Every dependency is a backdoor, To make them malicious it only take s a small slip up

cefboud 9/9/2025||
> malicious code to interfere with cryptocoin transactions

Any idea what the interference was?

jeswin 9/9/2025||
Publishing could require clicking an email confirmation link, sent by npm.
petcat 9/9/2025|
It's all pointless theater because people want less friction to do what they want, not more. They'll just automate away the friction points like clicking an email confirmation link.
jeswin 9/9/2025||
If you're the author of ducklib, and you get an email asking "Did you just publish ducklib 2.4.1?" with a fair number of warnings in the mail text, will you click on the publish link?

I certainly wouldn't. And I don't see it as pointless theater. It requires deliberate action, and that's what's missing here.

polynomial 9/9/2025||
Serious question, how did the attacking site (npmjs.help) know the victim's 2fa? ie. How did they know what phone number to send the 2fa request to?
feross 9/9/2025||
It was a relay. The fake site forwarded actions to the real npm, so the legit 2FA challenge was triggered by npm and the victim entered the code into the phishing page. The attacker captured it and completed the session, then added an API token and pushed malware. Passkeys or FIDO2 would have failed here because the credential is bound to the real domain and will not sign for npmjs.help.
yawaramin 9/10/2025||
And by 'fail' we mean that passkeys would have successfully prevented the attack.
feross 9/10/2025||
Correct!
xx_ns 9/9/2025|||
It acted as a proxy for the real npm site, which was the one to send the request, intercepting the code when the user inserted it.
Berry141 9/14/2025||
[dead]
mediumsmart 9/9/2025|
Comes with the territory considering that npm is defacto the number one enshittification dependency by now. But no worries - this will scale beautifully.

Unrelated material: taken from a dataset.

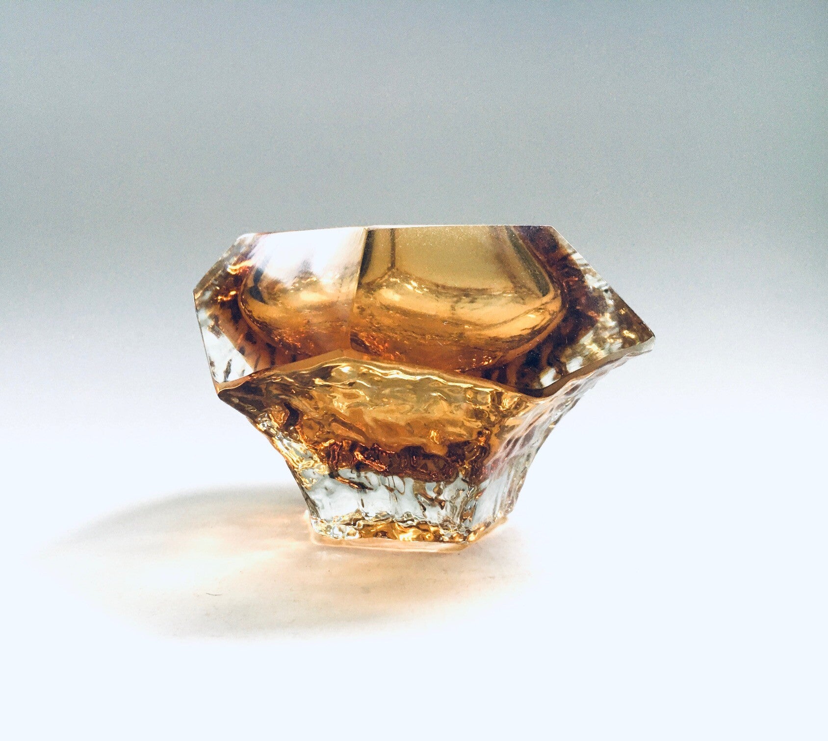 Mandruzzato Sommerso Iceberg beveled Art Glass Bowl Italy 1960's

downvotes appreciated but also happy to see one or two urls that would prove me wrong

eviks 9/9/2025||
In the spirit of a substantive discussion could you likewise share a couple that would prove you right?
mediumsmart 9/9/2025||
First of all I have a theory that nothing can be proven but I can't prove it.

Second - an example for a javascript heavy npm utilizing tracking heavy / low content site has not much weight in proving me right - my view is an assumption - 2 examples of shitty tracking SEO AI garbage content blubber sites not using npm would substantially question my assumption... I am genuinely interested in the tech those sites would use instead.

eviks 9/9/2025||
If you have such a theory, how does it make sense to ask others to do the impossible and prove anything???
mediumsmart 9/9/2025||
thats a fortune cookie - please stay on topic :)
hiccuphippo 9/9/2025||
I think the downvotes are because enshittification is a different thing, intentionally done by the developers themselves.
mediumsmart 9/9/2025||
granted but the motivation is payment I think and that originates elsewhere.